EXERCISE: What is needed is an exact repetition of the lines below, from the first one through the one holding "Spínač je navržen", with no pictures and nothing else.

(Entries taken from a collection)
+++

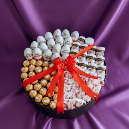 This is the ultimate treat for the serious chocolate connoisseur. Our 4-in-1 Deluxe Chocolate Box is a curated masterpiece, bringing together the world’s most beloved confections: Kinder Eggs, Nutella jars, golden Ferrero Rocher, and creamy Raffaello.
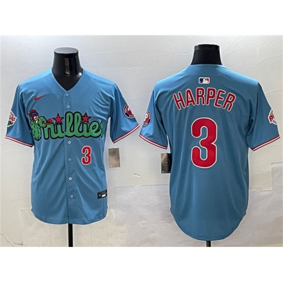 Men's Philadelphia Phillies #3 Bryce Harper Light Blue Phanatic Limited Stitched Jersey
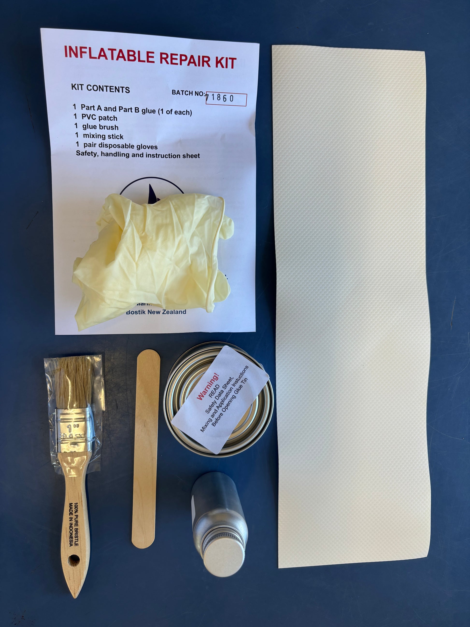 All in one kit for Inflatable PVC boat repair or for gluing davits on to PVC inflatables.
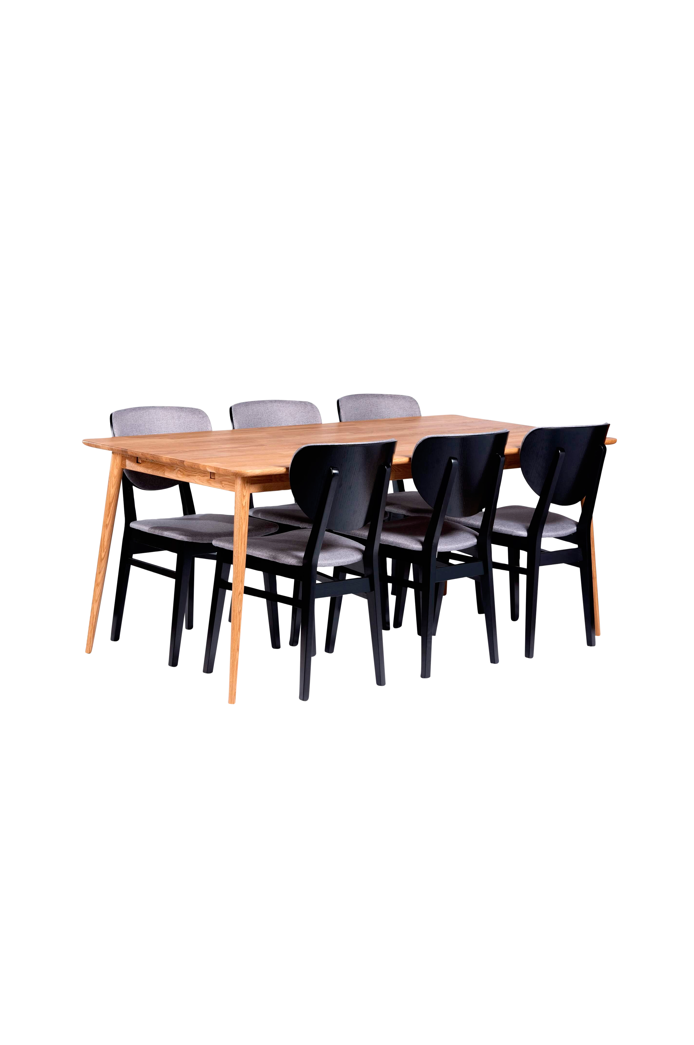 Elegant matgrupp med bord i massiv ek och 6 svarta stolar i massiv ask. Bordet går att komplettera med insticksklaff på båda sidor om man vill, praktiskt när ni blir många till bordet.
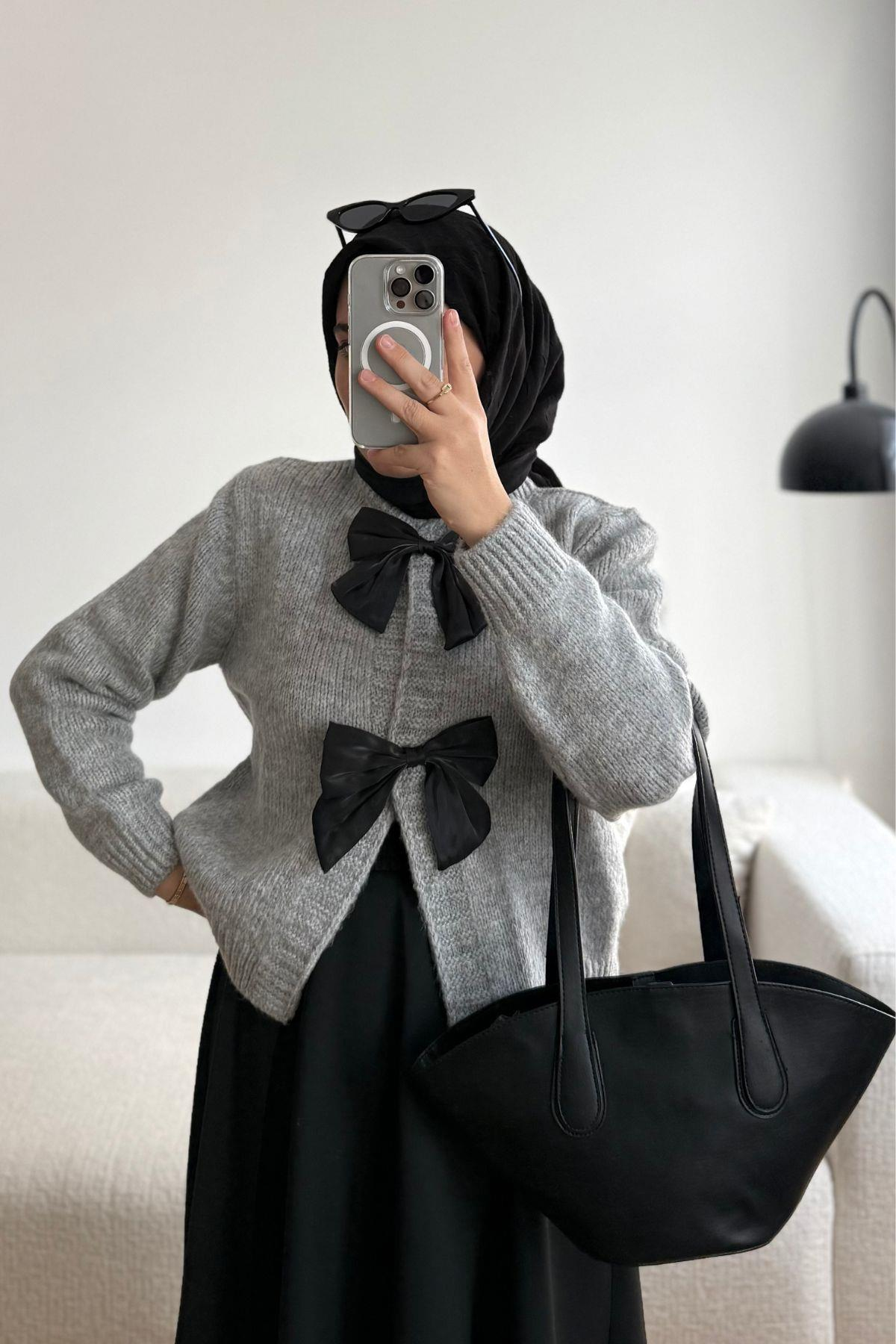 GRİ FİYONK DETAYLI TRİKO HIRKA
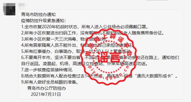 近日,部分青岛市民的微信群及社交平台流传一则《疫情防控升级紧急通知》,列举了包括“全市恢复2020年初战时状态”等9条疫情防控举措,落款为“青岛市办公厅防控办”。经核实,此为谣言。
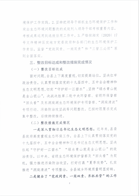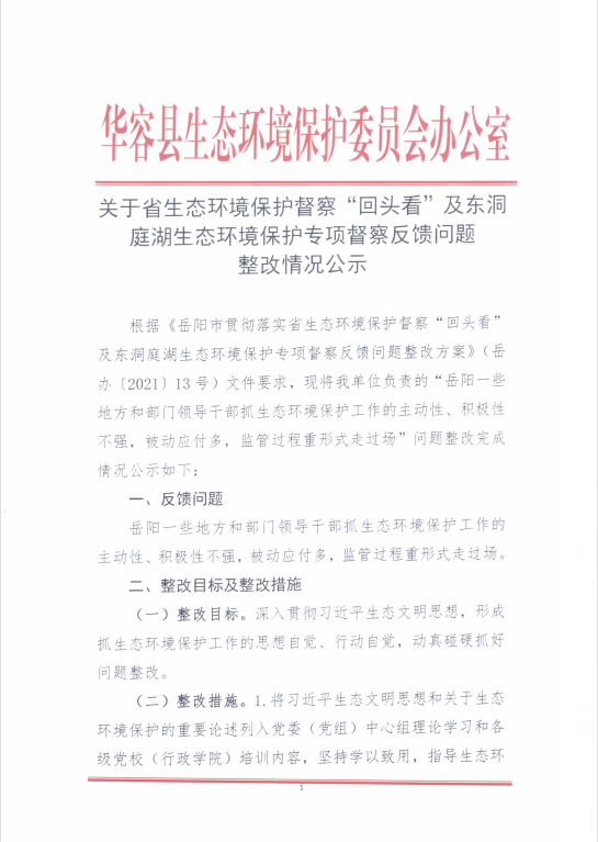 关于省生态环境督查“回头看”及东洞庭湖生态环境保护专项督查反馈问题整改情况公示
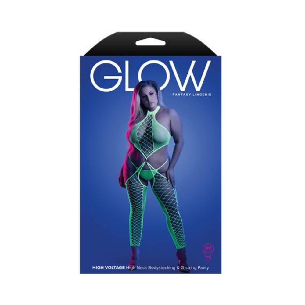 Home Women's Lingerie Bodystockings Fantasy Lingerie Glow High Voltage Uv Reactive High Neck Bodystocking & G-string Panty Queen Size
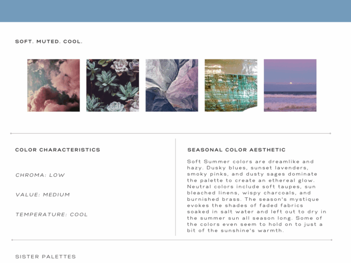 The Soft Summer Palette In the 12 Seasonal Color System, Soft Summer (also referred to as Summer-Autumn) is a season dominated by softness and coolness…
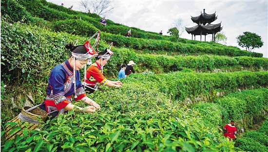 村民在采摘惠明茶春茶。 景宁县融媒体中心供图
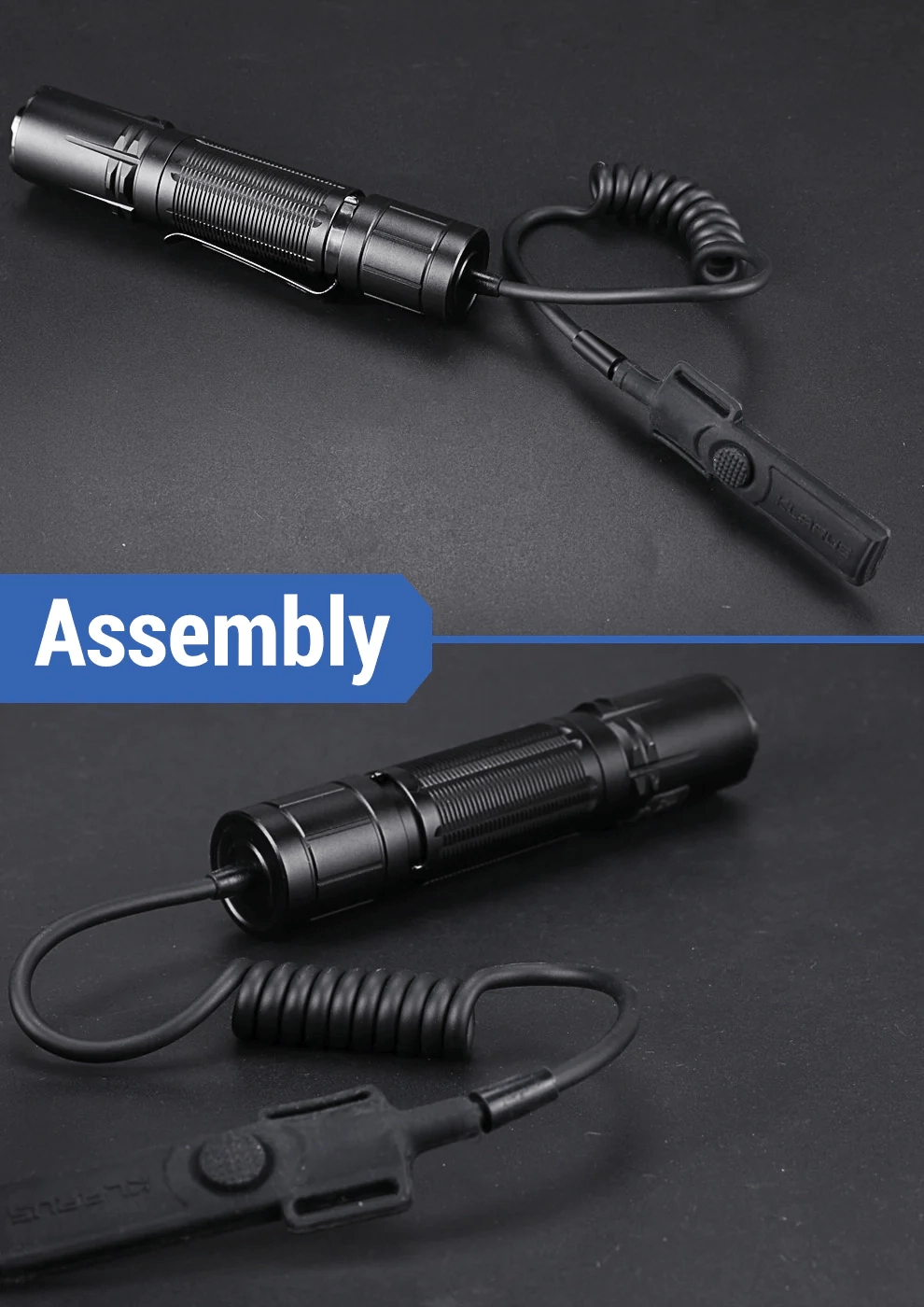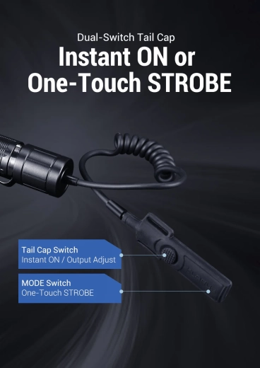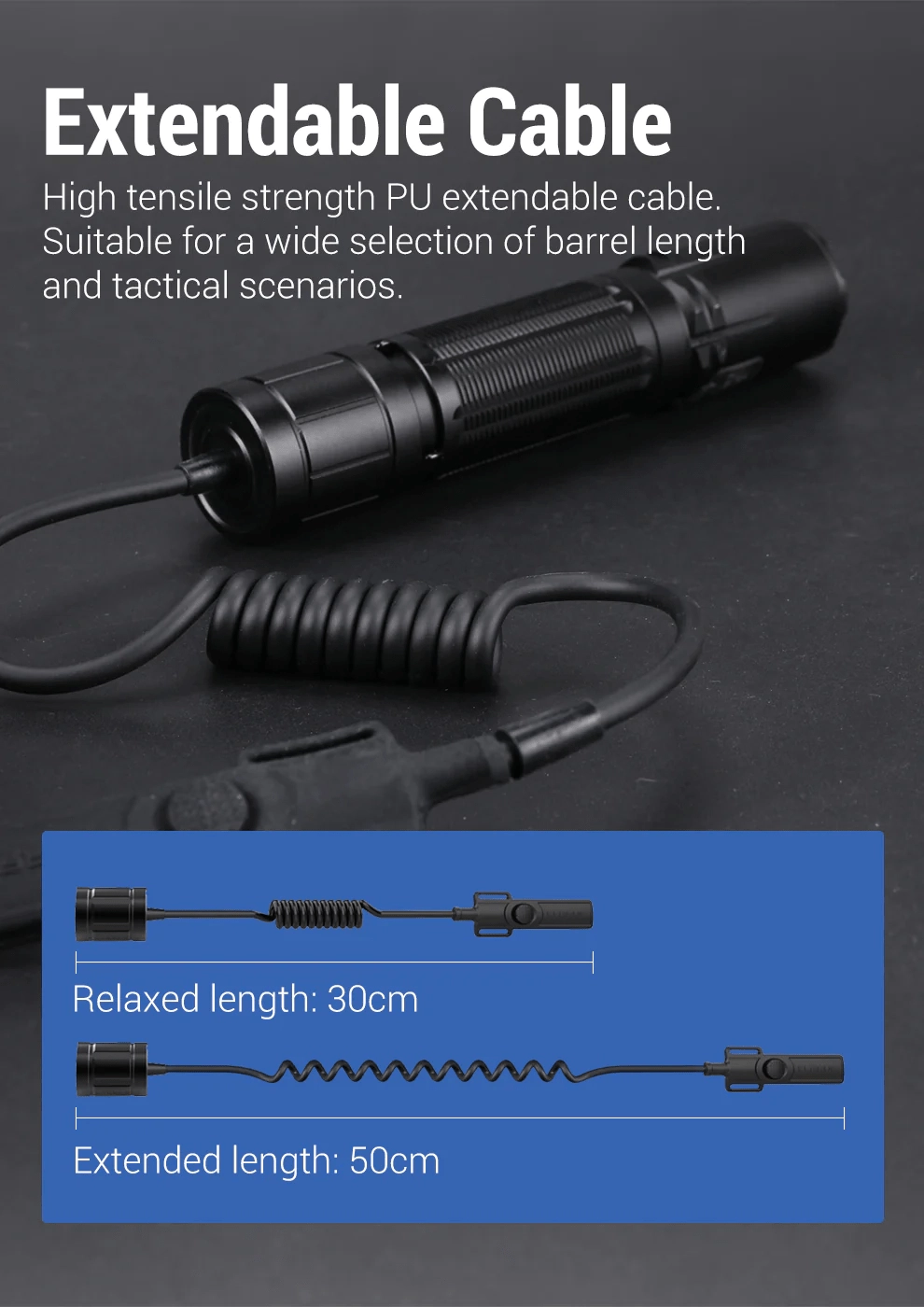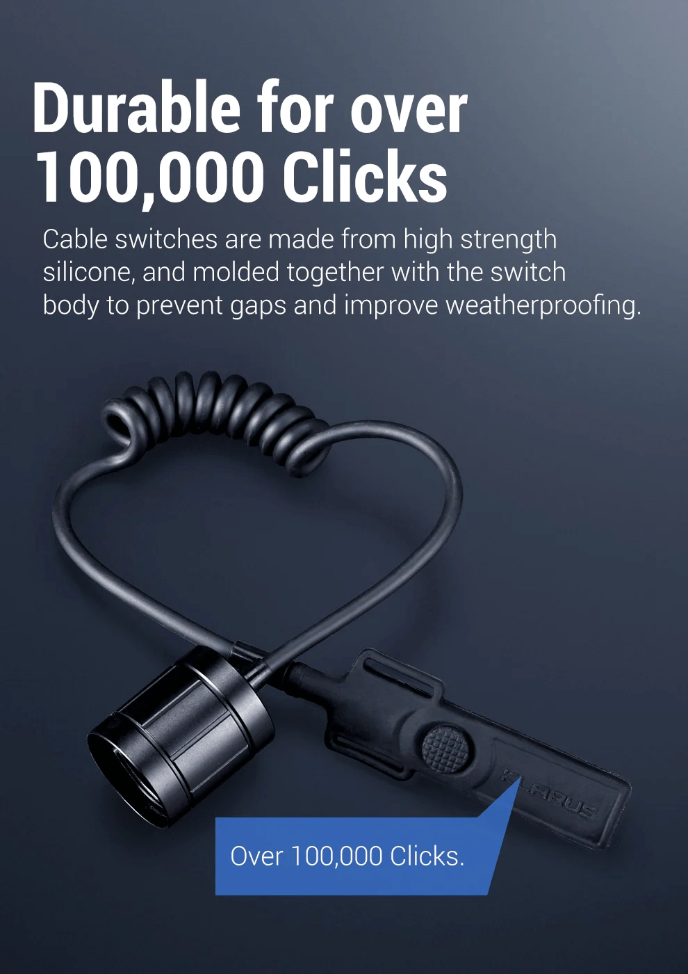 Spínač je navržen s důrazem na odolnost a spolehlivost. Vysocepevnostní PU spirálový kabel se pružně přizpůsobí různým délkám (cca 30–50 cm) a taktickým úchopům. Silikonová tlačítka jsou lisována přímo do těla spínače, čímž se minimalizují mezery a zvyšuje se odolnost vůči povětrnostním vlivům. Životnost až 100 000 kliknutí zaručuje dlouhodobé bezproblémové používání.
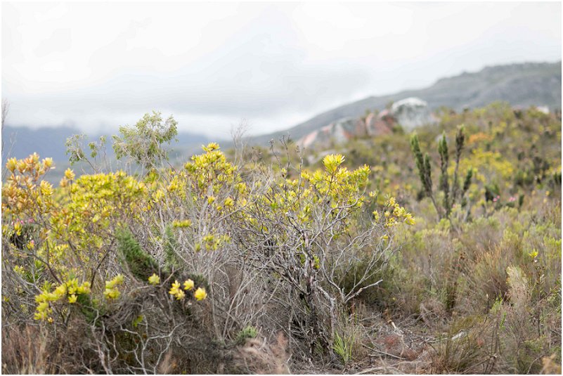 Hemel en Aarde is oortrek met fynbos en vorm deel van die Kaapse blomme koninkryk. ‘n Unieke en diverse versameling van plante word beskerm en versorg in ‘n natuurlike tuin wat jy net in ‘n klein deeltjie van die Kaap sal raakloop. Die skoonheid van die area is gekonsentreer soos ‘n skaars parfuum met die mengsel van bossies en veld-gras in blom. Dis hierdie informele natuurlike blommerangskikking wat die perfekte omgewing vir ‘n bruid is – die vergestalting van perfeksie en prag.

+++

OUTPUT:
 This is the ultimate treat for the serious chocolate connoisseur. Our 4-in-1 Deluxe Chocolate Box is a curated masterpiece, bringing together the world’s most beloved confections: Kinder Eggs, Nutella jars, golden Ferrero Rocher, and creamy Raffaello.
 Men's Philadelphia Phillies #3 Bryce Harper Light Blue Phanatic Limited Stitched Jersey
 All in one kit for Inflatable PVC boat repair or for gluing davits on to PVC inflatables.
 Elegant matgrupp med bord i massiv ek och 6 svarta stolar i massiv ask. Bordet går att komplettera med insticksklaff på båda sidor om man vill, praktiskt när ni blir många till bordet.
 GRİ FİYONK DETAYLI TRİKO HIRKA
 近日,部分青岛市民的微信群及社交平台流传一则《疫情防控升级紧急通知》,列举了包括“全市恢复2020年初战时状态”等9条疫情防控举措,落款为“青岛市办公厅防控办”。经核实,此为谣言。
 关于省生态环境督查“回头看”及东洞庭湖生态环境保护专项督查反馈问题整改情况公示
 Home Women's Lingerie Bodystockings Fantasy Lingerie Glow High Voltage Uv Reactive High Neck Bodystocking & G-string Panty Queen Size
 The Soft Summer Palette In the 12 Seasonal Color System, Soft Summer (also referred to as Summer-Autumn) is a season dominated by softness and coolness…
 村民在采摘惠明茶春茶。 景宁县融媒体中心供图
 Spínač je navržen s důrazem na odolnost a spolehlivost. Vysocepevnostní PU spirálový kabel se pružně přizpůsobí různým délkám (cca 30–50 cm) a taktickým úchopům. Silikonová tlačítka jsou lisována přímo do těla spínače, čímž se minimalizují mezery a zvyšuje se odolnost vůči povětrnostním vlivům. Životnost až 100 000 kliknutí zaručuje dlouhodobé bezproblémové používání.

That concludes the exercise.